# Hyper Bearded Dragon



## Mijnthepigeon (Aug 3, 2015)

Hello, My bearded dragon is about 6-7 months old and she has started acting hyper. She is running about, jumping on everything and scraping at the glass as if trying to get out. I fear it might be because of the new substrate I'm using. I used to use newspaper but recently switched to wood shavings. I used this one as I recently gave her to a reptile minder and that's what she had in there and was fine. Should I get rid of the wood shavings? If so what should I get instead, I have asked so many people and they all have different answer Is there any other reason why my dragon is acting up? Help me please!!


----------



## Debbie1962 (Dec 5, 2008)

Wood shaving are no good as a substrate they are best used for rabbits etc.
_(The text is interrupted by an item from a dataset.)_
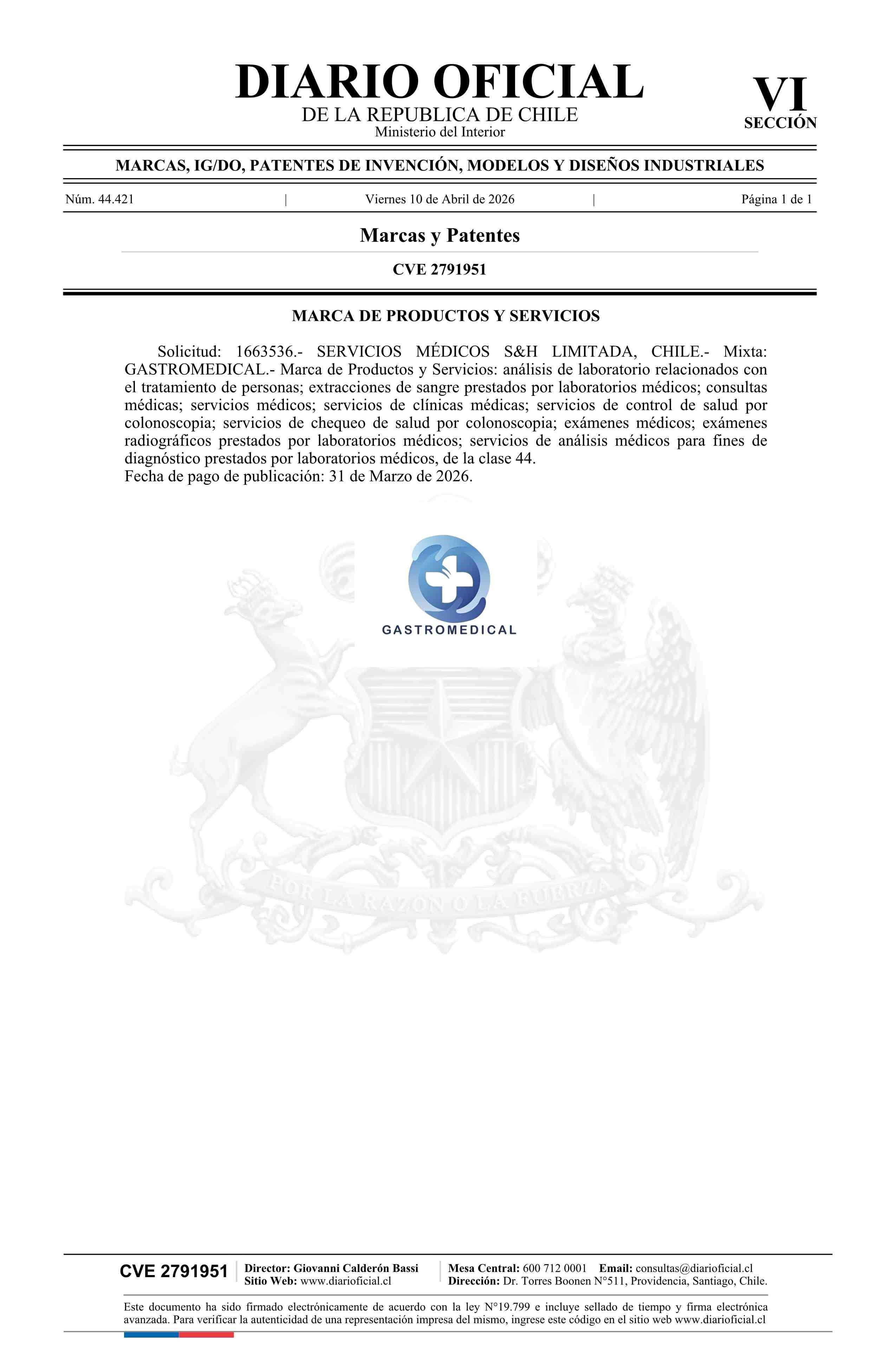 Diario Oficial Edición Electrónica (Diario Oficial de Chile - 6 Marcas Y Patentes)
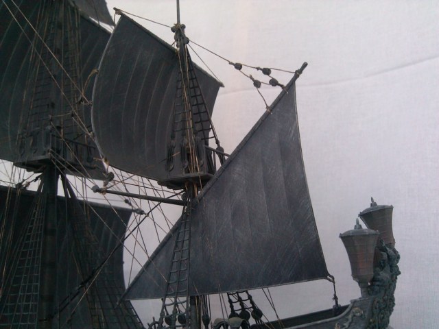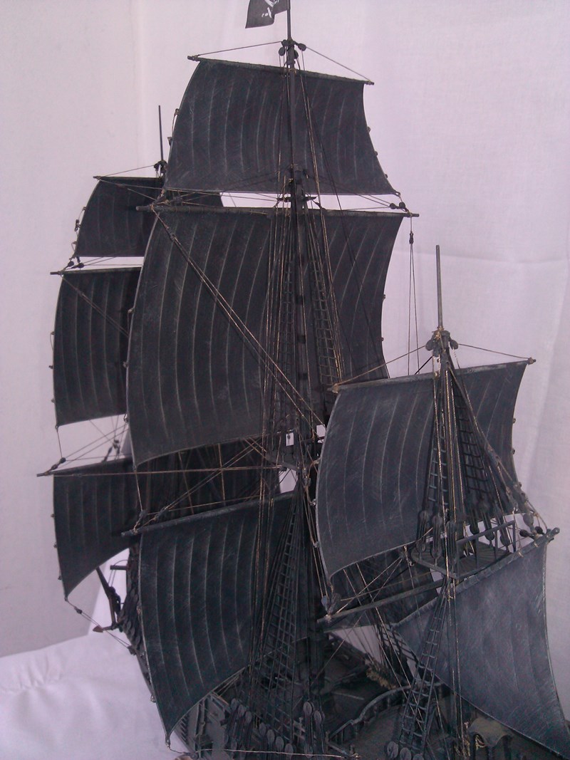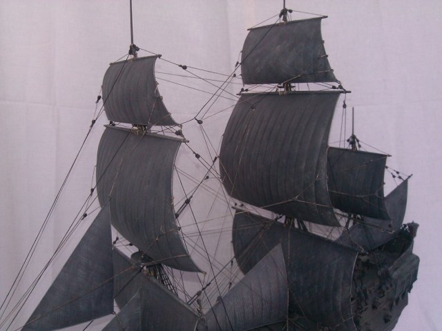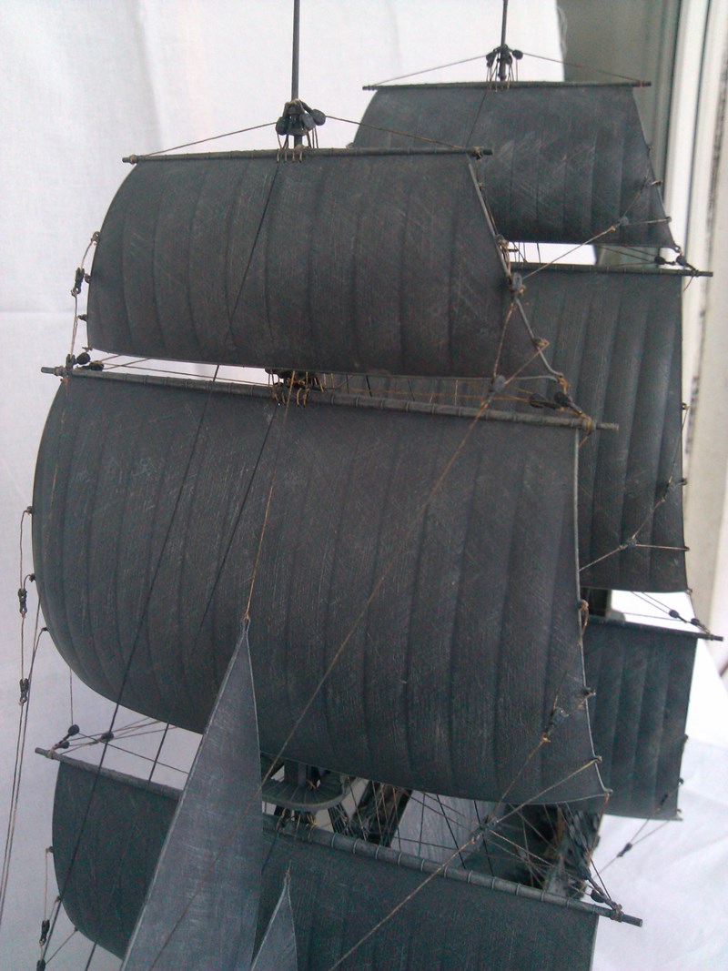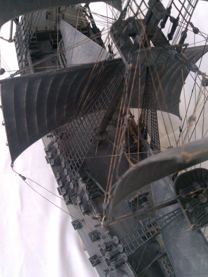 Из того что увидел,всё понравилось.Окрашен и тонирован с довольно таки редкой аккуратностью.Верёвки органично вписываются ровно как и паруса с корпусом.7-ое фото вообще на кадр из фильма похоже.Для оживления модели нехватает разве что немного ненавязчивых потёков со шпигатов и от проёмов орудийных портов.Я б есчё немного оттонировал бы юферсы,совсем чуть чуть.В общем,для изкоробки очень здорово.Про паруса хочеться сказать(вот вам и вакушки...)чем плохи?Возможно стоило попробовать симитировать подобную как на парусах текстуру и на пластиковых вантах?

It will be too dusty for a reptile. Use childrens play sand instead. As for her beng hyper have you checked your temps to make sure it is not too warm in the viv?


----------



## Mijnthepigeon (Aug 3, 2015)

Thanks, I'll change to sand. I checked the temperatures in the viv and they are normal. I was reading around and would it be possible that she is going through puberty?


----------



## R3PTIL1AN (Jun 27, 2010)

Don't use wood shavings, the best substrate to use is unprinted news paper or butcher paper, even kitchen paper is good 

Wood shavings if ingested can cause your beardie to become compacted.


----------